Rajiv Dattani, co-founder of AIUC, was direct about why healthcare representation in the Consortium matters: “There is no sector where trust is more paramount than healthcare. Datavant’s deep experience managing data in the field is invaluable. By joining the Consortium, they are helping us ensure that the AIUC-1 standard is as effective in a hospital or clinic as it is in a financial institution or a tech enterprise.

That last point reflects a real risk in how AI governance standards tend to develop. Frameworks built primarily around financial services or general enterprise use cases get applied to healthcare environments without adequate translation, and the gaps that result are not theoretical. Healthcare data carries different privacy obligations under HIPAA and state-level regulations. Clinical workflows have different tolerance thresholds for errors and audit requirements.

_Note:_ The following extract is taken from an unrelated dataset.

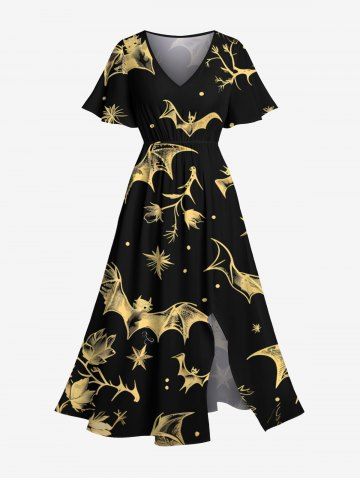 Couple Halloween Outfits > Halloween Bat Branch Galaxy Print Plus Size Matching Outfit For Couples
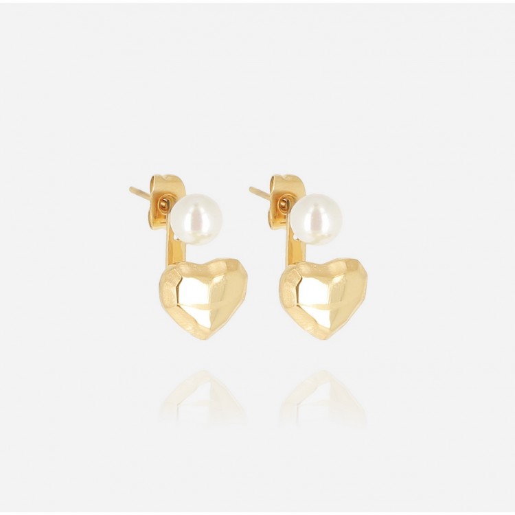 Boucles d'oreilles en acier uni ou doré à l'or fin par ionisation sertie d'une perle. Elle est en forme de J qui passe derrière le lobe et se termine par un cœur.

AI agents operating in those environments need governance standards written with those specifics in mind rather than retrofitted from frameworks designed for different risk profiles.

What Datavant Brings to the Table

Datavant‘s contribution to the AIUC-1 standard is grounded in the position it has occupied in healthcare data infrastructure for years. As the platform through which a large portion of healthcare data collaboration moves – connecting providers, payers, researchers, and life sciences organizations – Datavant has developed governance practices for data privacy, access control, and regulatory compliance that are specific to the healthcare ecosystem rather than adapted from general enterprise models.

Dan Walsh, Chief Information Security Officer at Datavant, described the stakes clearly: “As enterprise adoption of agentic AI moves faster than traditional security frameworks can adapt, executives are seeking a unified trust infrastructure. By collaborating with the Artificial Intelligence Underwriting Company and leaders across the industry, we are ensuring that as the speed of AI expansion increases, healthcare-specific risk controls scale at the same rate.

The phrase worth holding onto there is “scale at the same rate.” The historical pattern in healthcare technology has been that security and governance frameworks lag behind adoption – sometimes by years – leaving organizations to deploy systems under regulatory and risk conditions that have not yet been fully defined. The AIUC-1 effort is an attempt to break that pattern specifically for agentic AI, building the certification infrastructure before widespread deployment rather than after the first wave of incidents forces the conversation.

Why This Matters Beyond the Consortium

Healthcare organizations evaluating agentic AI deployments right now are making decisions without a settled framework for what good governance looks like in this context. The AIUC-1 standard, with Datavant’s healthcare-specific input, is working toward changing that – giving procurement teams, CISOs, and clinical engineering leaders a certification reference point that reflects the actual demands of clinical environments rather than a generalized enterprise baseline.

The broader implication is that the organizations shaping these standards in their early stages carry disproportionate influence over what the governance landscape looks like once it matures. Datavant joining as an early adopter and contributor rather than a late adopter ratifying decisions made by others gives healthcare a meaningful voice in an outcome that will affect how AI agents operate across every corner of the industry.